Starting with the line below that holds "④看護師(パート) ※働き方相談ください ※子育て支援員歓迎 |" and stopping after the line that holds "Daytona: Denne design", transcribe the lines exactly, leaving out all pictures.

> _MATERIAL PROVIDED_
============

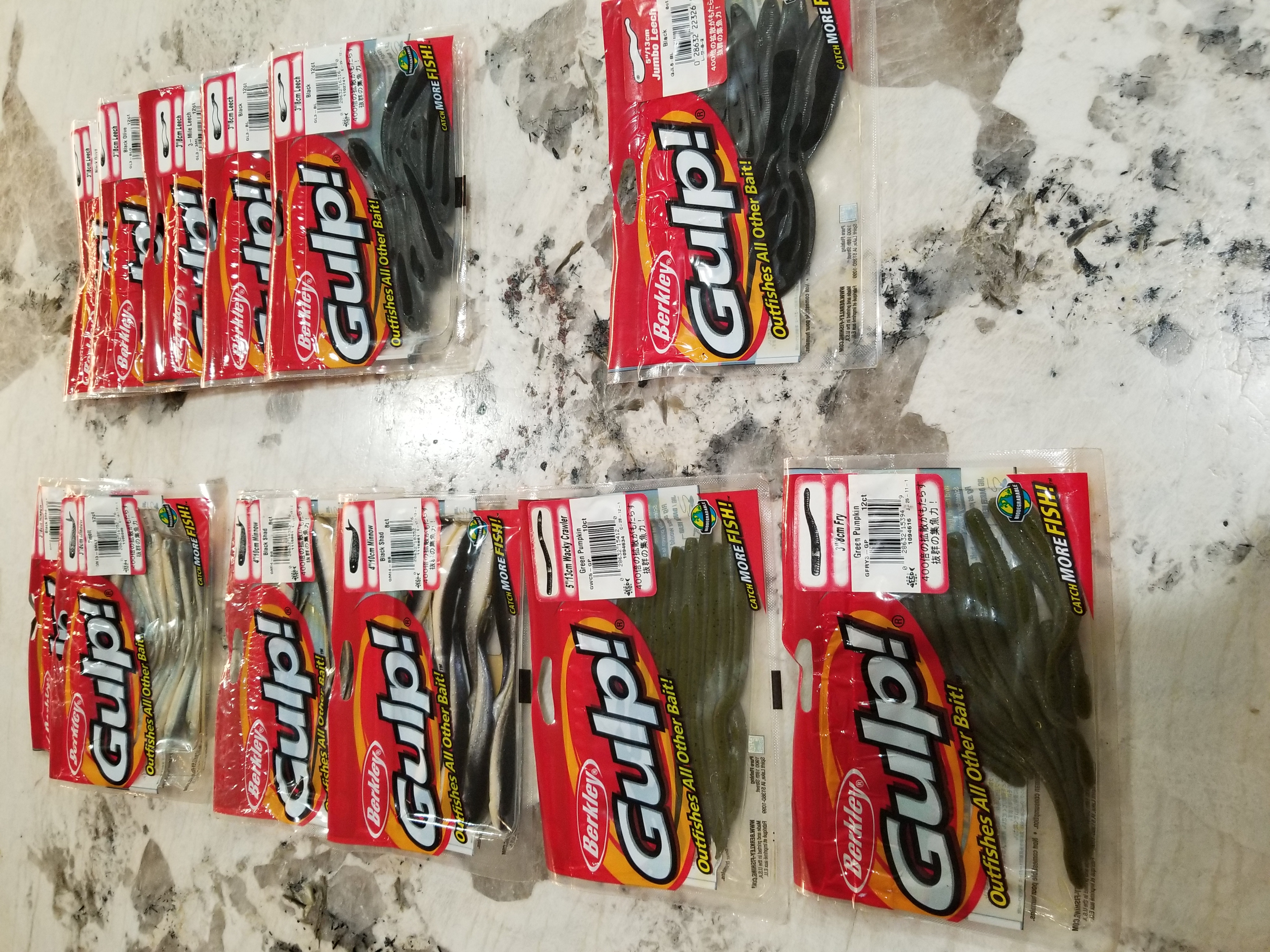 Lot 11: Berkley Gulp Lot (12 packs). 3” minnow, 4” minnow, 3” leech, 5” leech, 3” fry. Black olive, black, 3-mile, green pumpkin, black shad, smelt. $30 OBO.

============

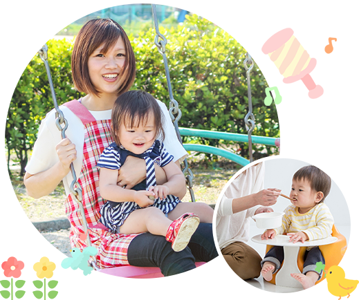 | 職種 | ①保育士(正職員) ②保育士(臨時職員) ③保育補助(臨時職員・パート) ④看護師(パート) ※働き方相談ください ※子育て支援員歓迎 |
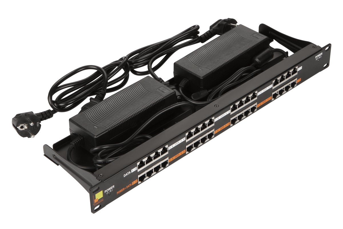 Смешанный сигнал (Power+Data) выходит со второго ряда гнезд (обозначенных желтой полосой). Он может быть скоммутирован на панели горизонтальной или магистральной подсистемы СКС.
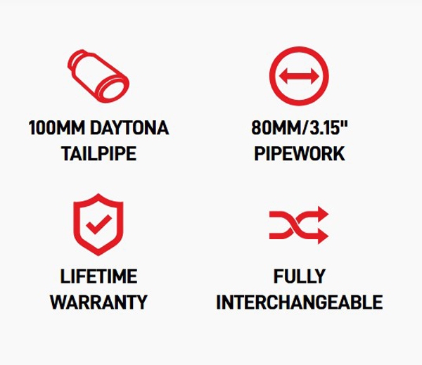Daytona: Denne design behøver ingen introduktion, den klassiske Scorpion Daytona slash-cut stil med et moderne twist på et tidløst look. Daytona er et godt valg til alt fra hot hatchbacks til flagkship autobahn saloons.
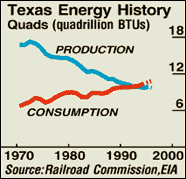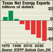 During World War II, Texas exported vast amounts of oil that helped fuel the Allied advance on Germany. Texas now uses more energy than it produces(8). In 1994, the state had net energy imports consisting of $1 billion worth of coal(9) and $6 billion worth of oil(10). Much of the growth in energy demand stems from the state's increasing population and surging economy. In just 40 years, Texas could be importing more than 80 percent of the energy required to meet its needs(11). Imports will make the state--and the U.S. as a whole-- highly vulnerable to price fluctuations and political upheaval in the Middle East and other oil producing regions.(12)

============

> _RESPONSE_
 | 職種 | ①保育士(正職員) ②保育士(臨時職員) ③保育補助(臨時職員・パート) ④看護師(パート) ※働き方相談ください ※子育て支援員歓迎 |
 Смешанный сигнал (Power+Data) выходит со второго ряда гнезд (обозначенных желтой полосой). Он может быть скоммутирован на панели горизонтальной или магистральной подсистемы СКС.
Daytona: Denne design behøver ingen introduktion, den klassiske Scorpion Daytona slash-cut stil med et moderne twist på et tidløst look. Daytona er et godt valg til alt fra hot hatchbacks til flagkship autobahn saloons.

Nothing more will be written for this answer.